The "non-messing-up" theorem
After sorting with gaps of 3, the list is said to be 3-sorted: each sublist with a gap of 3 is sorted.
Then we sort with gaps of 2, and the list becomes 2-sorted. Intuitively, it seems like this step messed up the previous step, and the list is no longer 3-sorted. Surprisingly, it still is.
It can be proven, and the proof is not at all trivial, that if the list is already p-sorted, sorting with a different gap doesn’t mess up this property.
Frobenius number
Now consider the element at position 9 (the right-most):
It’s surely brighter than the element at position 7, because the list is 2-sorted.
It’s also must be brighter than the element at position 6, because the list is 3-sorted.
Also for the element at position 5, because 9 is brighter than 7, and 7 is brighter than 5 (thanks to 2-sortedness).

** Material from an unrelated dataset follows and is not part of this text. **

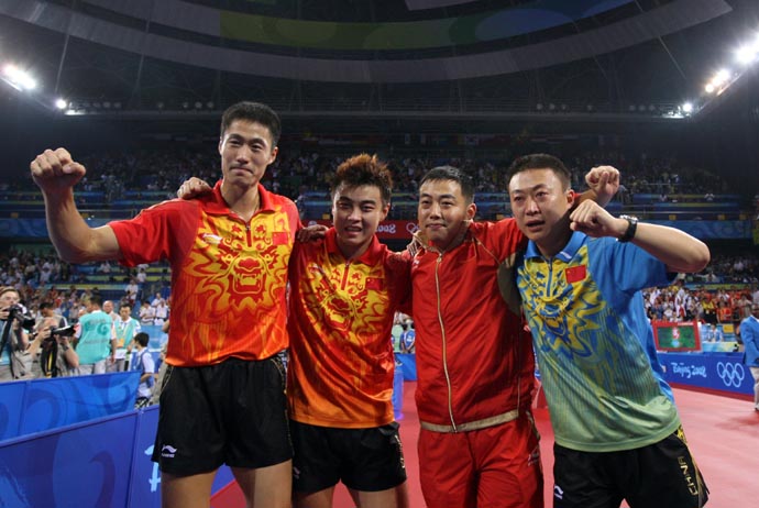8月18日,中國男隊主教練劉國梁(右二)、隊員馬琳(右一)、王皓(左二)、王勵勤賽后合影。當日,中國隊在北京奧運會乒乓球男子團體決賽中以3比0戰勝德國隊,摘得金牌。
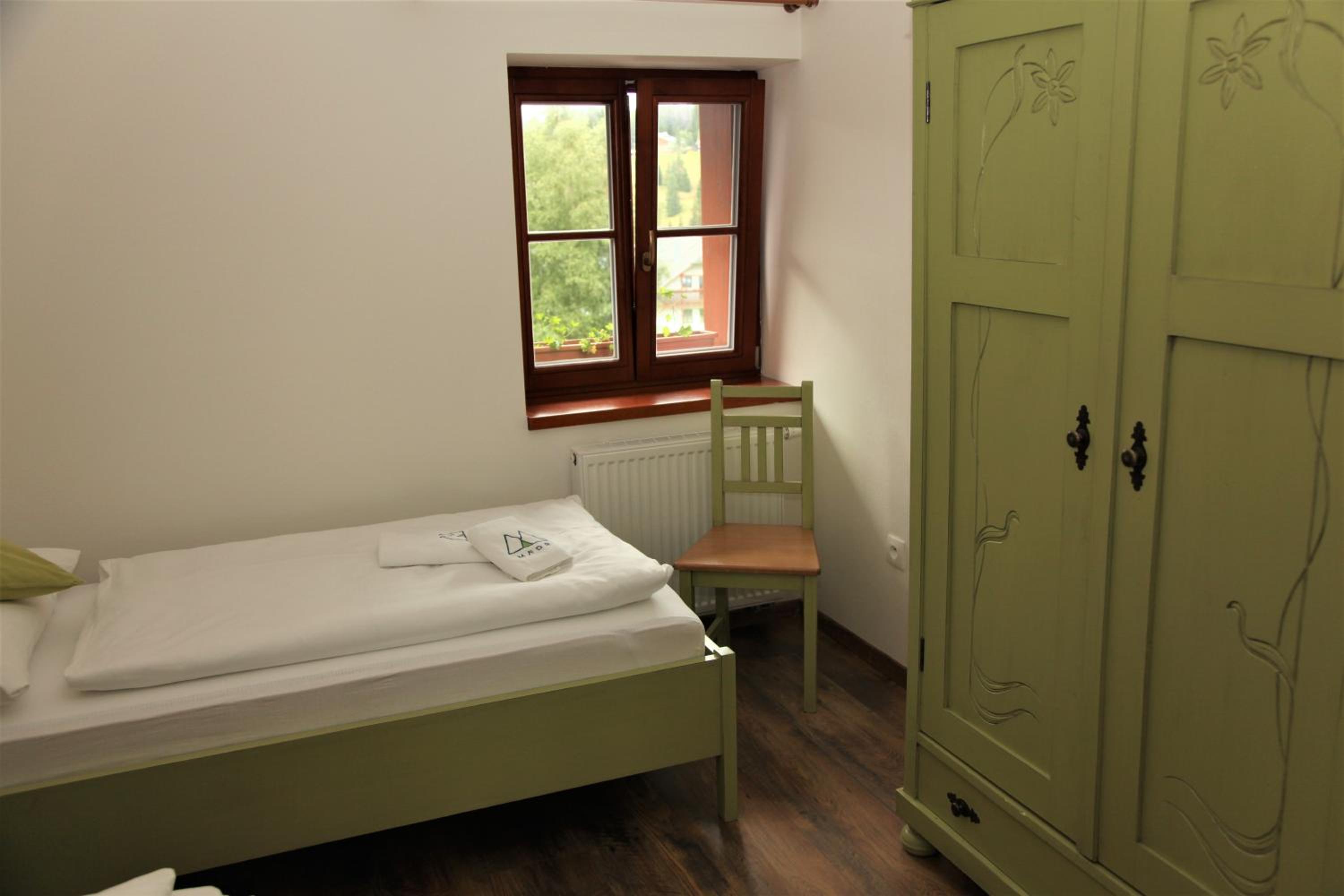 Pokoj číslo 3 byl velký, velmi pěkně zařízený, nerušil nás hluk z jiných pokojů. V koupelně bylo dost místa kam odložit kosmetiku, dostatek háčků na ručníky.

Also for the element at position 4: 9 is brighter than 7 (2-sortedness) and 7 is brighter than 4 (3-sortedness).
So any sum of 2-s and 3-s is a gap that separates two sorted elements. Any positive integer larger than 1 is a sum of 2-s or 3-s. So each element is sorted with respect to all other elements, except perhaps the ones right next to it.

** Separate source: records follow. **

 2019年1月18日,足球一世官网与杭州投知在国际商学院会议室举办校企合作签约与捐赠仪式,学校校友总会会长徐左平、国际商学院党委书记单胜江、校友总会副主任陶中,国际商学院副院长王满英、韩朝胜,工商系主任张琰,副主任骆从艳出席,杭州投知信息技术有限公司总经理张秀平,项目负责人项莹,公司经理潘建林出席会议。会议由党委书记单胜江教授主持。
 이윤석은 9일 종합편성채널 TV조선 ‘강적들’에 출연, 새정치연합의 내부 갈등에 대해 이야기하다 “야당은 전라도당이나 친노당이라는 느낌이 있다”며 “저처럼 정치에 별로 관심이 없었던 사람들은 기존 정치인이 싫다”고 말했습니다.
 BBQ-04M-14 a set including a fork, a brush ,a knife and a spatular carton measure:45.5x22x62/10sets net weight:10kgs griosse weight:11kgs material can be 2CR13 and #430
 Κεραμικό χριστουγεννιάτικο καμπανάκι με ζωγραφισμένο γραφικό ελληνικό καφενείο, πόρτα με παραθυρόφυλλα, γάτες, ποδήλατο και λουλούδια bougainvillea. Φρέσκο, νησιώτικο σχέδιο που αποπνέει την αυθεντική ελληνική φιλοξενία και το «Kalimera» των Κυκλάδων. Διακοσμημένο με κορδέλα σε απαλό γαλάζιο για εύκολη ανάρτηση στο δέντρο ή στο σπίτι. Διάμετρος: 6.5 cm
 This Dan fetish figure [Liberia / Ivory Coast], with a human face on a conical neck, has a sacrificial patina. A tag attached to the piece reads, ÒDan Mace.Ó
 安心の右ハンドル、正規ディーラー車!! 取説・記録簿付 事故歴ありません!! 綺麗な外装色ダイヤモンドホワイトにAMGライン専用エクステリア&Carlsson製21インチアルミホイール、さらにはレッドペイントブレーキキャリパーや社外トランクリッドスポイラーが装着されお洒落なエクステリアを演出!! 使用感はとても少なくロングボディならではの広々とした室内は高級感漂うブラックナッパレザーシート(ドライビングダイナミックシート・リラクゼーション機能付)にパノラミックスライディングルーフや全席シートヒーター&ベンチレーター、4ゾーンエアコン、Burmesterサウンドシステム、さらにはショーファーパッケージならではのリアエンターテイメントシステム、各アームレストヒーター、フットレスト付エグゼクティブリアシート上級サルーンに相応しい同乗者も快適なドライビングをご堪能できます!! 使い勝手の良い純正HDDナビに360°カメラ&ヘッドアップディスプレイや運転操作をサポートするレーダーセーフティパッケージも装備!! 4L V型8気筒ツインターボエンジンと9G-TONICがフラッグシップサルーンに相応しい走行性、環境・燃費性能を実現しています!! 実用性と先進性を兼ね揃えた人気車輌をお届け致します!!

A generalization of this is as follows. The Frobenius number of {p1,p2,…,pk} is the largest integer that is not some sum of these numbers. For example, the Frobenius number of {2,3} is 1, and the Frobenius number of {2,5} is 3, and the Frobenius number of {5,9,11} is 17.
Now say the list is p1-sorted, and p2-sorted, and … pk-sorted, and the Frobenius number of {p1,p2,…,pk} is x. So each element is at most x hops away from its correct position. For larger distances, we can present the distance as a sum of elements from {p1,p2,..,pk}, and therefore the list is sorted for such distances.
This property is used in deriving upper bounds for Shell sort complexity.
Why did Shell sort lag behind in the second match?
In the second match, the optimized variant of Shell sort wins with faster time and lower number of comparisons (24 vs 30). However, during the match it is clear Insertion sort performs the comparisons faster. Why is that?
For each comparison, the robot performs these steps:
1) Pick up an element with the left hand.
2) Pick up an element with the right hand.
3) Compare them.
4) Put back the element in left hand.
5) Put back the element in right hand.
However, both Insertion sort and Shell sort often reuse the element they hold in their left hand, and compare several other elements with it. This allows them to skip steps (1) and (4) above, and save some time.
So how many times do they pick up an element with their left hand?
For Insertion sort the answer is easy: 9 times. It performs 9 iterations where it picks up one element, and compares it with some others until it finds the place for it.
Shell sort ends with an ordinary Insertion sort. So that requires picking up 9 elements just for that. And there is one more for gap=9, and four more for gap=6, so that’s a total of 14. These extra 5 slow it down a bit.